Without the images, reproduce each line of the material exactly.

-------- Data provided

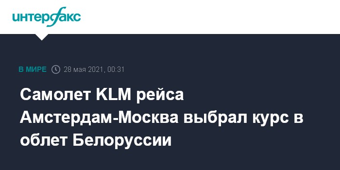 Москва. 28 мая. INTERFAX.RU - Самолет нидерландской авиакомпании KLM, выполняющий вывозной рейс, минуя территорию Белоруссии, вылетел из Амстердама в Москву.
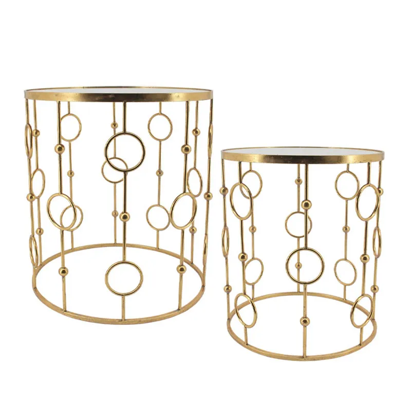 ΜΕΤΑΛΛΙΚΟ ΤΡΑΠΕΖΑΚΙ ΣΕΤ/2 ΧΡΥΣΟ ΣΤΡΟΓΓΥΛΟ/ΚΥΚΛΟΙ/ΚΑΘΡΕΠΤΗΣ – L:Φ51×56.5, S:Φ44x51cm 1/KIB
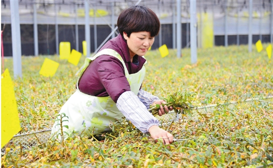 虞伟丽在采摘铁皮石斛鲜条。 朱映归 摄

----------------

Response to the exercise:
 Москва. 28 мая. INTERFAX.RU - Самолет нидерландской авиакомпании KLM, выполняющий вывозной рейс, минуя территорию Белоруссии, вылетел из Амстердама в Москву.
 ΜΕΤΑΛΛΙΚΟ ΤΡΑΠΕΖΑΚΙ ΣΕΤ/2 ΧΡΥΣΟ ΣΤΡΟΓΓΥΛΟ/ΚΥΚΛΟΙ/ΚΑΘΡΕΠΤΗΣ – L:Φ51×56.5, S:Φ44x51cm 1/KIB
 虞伟丽在采摘铁皮石斛鲜条。 朱映归 摄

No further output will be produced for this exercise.